- Film poster
- Directed by: Alexandria Bombach; Mo Scarpelli;
- Produced by: Alexandria Bombach; Mo Scarpelli; Jeff Orlowski;
- Cinematography: Alexandria Bombach; Mo Scarpelli;
- Edited by: Alexandria Bombach
- Music by: Patrick Jonsson
- Release date: March 14, 2015 (SXSW);
- Running time: 85 minutes
- Country: United States
- Languages: Dari; English;

= Frame by Frame (film) =

Frame by Frame is a 2015 documentary film that follows four Afghan photojournalists - Farzana Wahidy, Massoud Hossaini, Wakil Kohsar and Najibullah Musafar - who face struggles as they report during the “photo revolution” that is occurring in the post-Taliban free press. It is directed by Mo Scarpelli and Alexandria Bombach. It had its world premiere at the South by Southwest 2015 Festival in Austin, Texas, and was nominated for a 2015 Cinema Eye Honors Award in the category “Spotlight Award.”

== Background ==
In late 2012, Scarpelli and Bombach traveled to Afghanistan to film a documentary short about photographers. This turned into the feature-length film Frame by Frame, a personal look at the lives of four Afghan photographers working where photography was formerly banned by the Taliban government. Scarpelli and Bombach raised more than $70,000 using Kickstarter to bring Frame by Frame to life.

== Production ==
The film was shot in a cinema vérité style, which presented a unique challenge to the filmmakers because they did not speak the native language; oftentimes, they wouldn't know exactly what they had filmed until they got to the editing room and worked with a translator. Both filmmakers have said that being foreign women and having an all-female crew gave them unique access and allowed them into places that foreign men would have had a much harder time entering. Because of Scarpelli's background in journalism, she characterizes the film as long-form journalism. “The point of it is to inform and spark dialogue about local journalism under fire.”

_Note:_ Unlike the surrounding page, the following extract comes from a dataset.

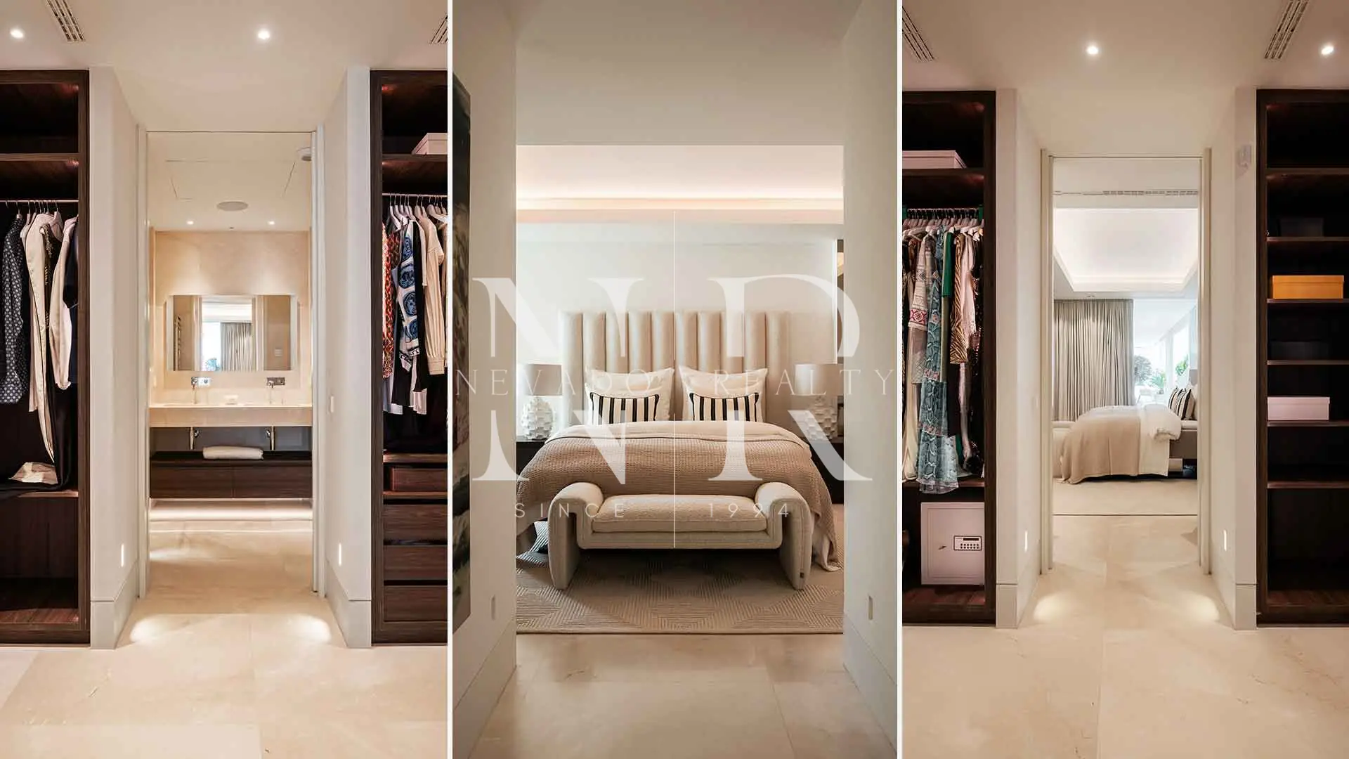Distribución pensada para la vida diaria: un hall central separa la zona social (salón-comedor integrado con la cocina premium y ventanas automatizadas que se abren por completo) de la zona privada con suite principal (vestidor y baño completo) y dos dormitorios en suite con vistas a la comunidad.

Scarpelli has said she was influenced by character-driven films with strong narratives, including films like Cutie and the Boxer (2013), Virunga (2014), Stories We Tell (2012), and After Tiller (2013).

== Reception ==
Frame by Frame was shown at over 50 film festivals including Hot Docs Film Festival, Seattle International Film Festival and BFI London Film Festival. Scarpelli and Bombach received enthusiastic praise from film critics. The Hollywood Reporter called Frame by Frame “a work of profound immediacy, in sync with the photographers’ commitment and hope" and BBC Culture proclaimed “the film features photographers passionate about telling stories of the true identity of Afghanistan – whether they are newsworthy or not.”